Abstract

The evolutionary history of the platyrrhine primates has been the subject of considerable controversy. Comparative studies of extant Old and New World higher primates suggest that these forms and the platyrrhines are each monophyletic, but the nature and origin of common ancestral groups remains in doubt. It has been hypothesized that the Platyrrhini evolved from a lemuroid stock (Liedy, 1873; Loomis, 1911; Gregory, 1920, 1921; Gingerich, 1973, 1975, 1977), a tarsioid stock (Wortman, 1904; Gazin, 1958; Simons, 1961, 1972; Hoffstetter, 1969, 1974; Orlosky and Swindler, 1975; Szalay, 1976) or a monkey stock (Stirton, 1951; Olson, 1964; Hershkovitz, 1969; Sarich, 1970; Cronin and Sarich, 1975). Most of the above authors assumed that the South American primates were derived from some North American or Central American primate group.
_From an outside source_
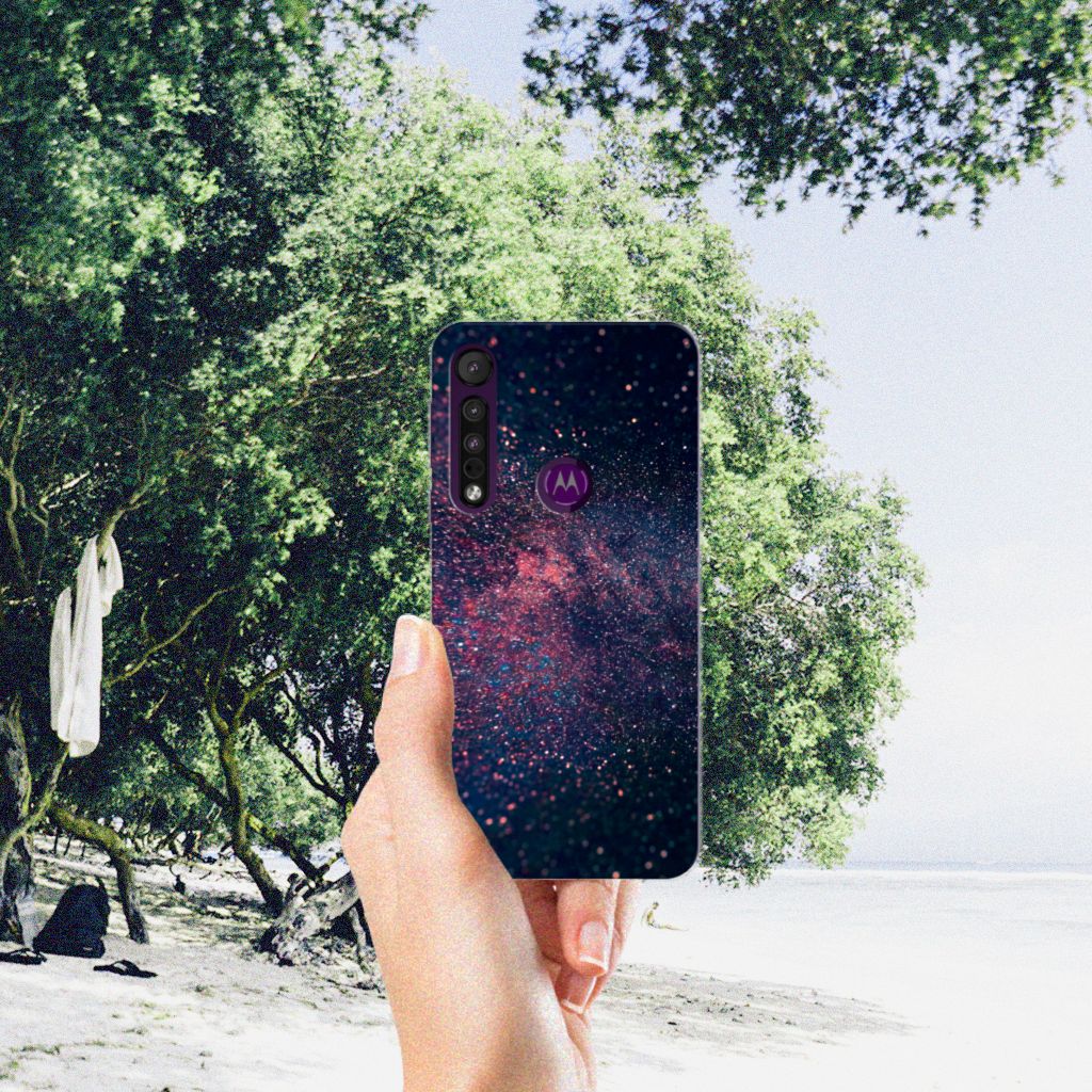 Je waant je in de zevende hemel met dit kunstzinnige, glitterachtige design hoesje met paarse en blauwe kleuren tegen een inktzwarte achtergrond. Het smartphone hoesje heeft ook een wat science fiction achtige allure. Met deze design Stars case zul je zeker opvallen. Als dit je bedoeling is, bestel dat snel dit waanzinnig mooie product voor je Motorola One Macro. Het telefoonhoesje is van alle gemakken voorzien en combineert een hele fraaie uitstraling met maximaal comfort. Bovendien is het gemaakt van zeer stevig en flexibel materiaal. Het unieke design, door B2C Telecom ontworpen, staat op een TPU Hoesje. Dit hoesje wordt alleen aan de bovenkant bedrukt en is zeer flexibel. De randen van het hoesje blijven transparant en worden niet bedrukt. Met dit hoesje past jouw telefoon altijd in je broekzak.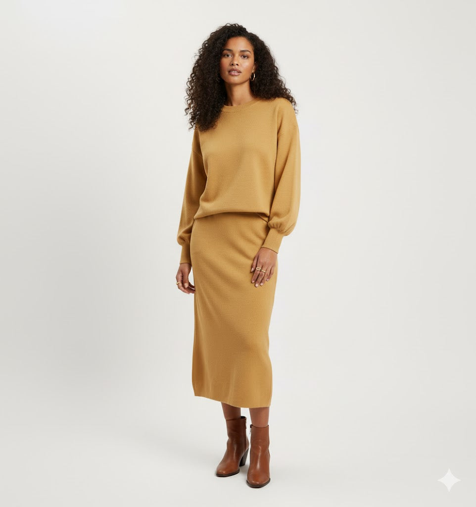 Long Sleeve Sweater + Skirt Two Piece Set B-368202 | TUZZUT Qatar Online Shopping Order On WhatsApp Skip to content

However, some have hypothesized that an African stock might have been ancestral to the platyrrhine primates (Sarich, 1970; Hoffstetter, 1972, 1974; Lavocat, 1974; Cronin and Sarich, 1975). Indeed, recent geological evidence (see Tarling, this volume) indicates that an immigration of primates into South America from Africa would be quite as feasible during the late Eocene to early Oligocene as a North American origin for these primates.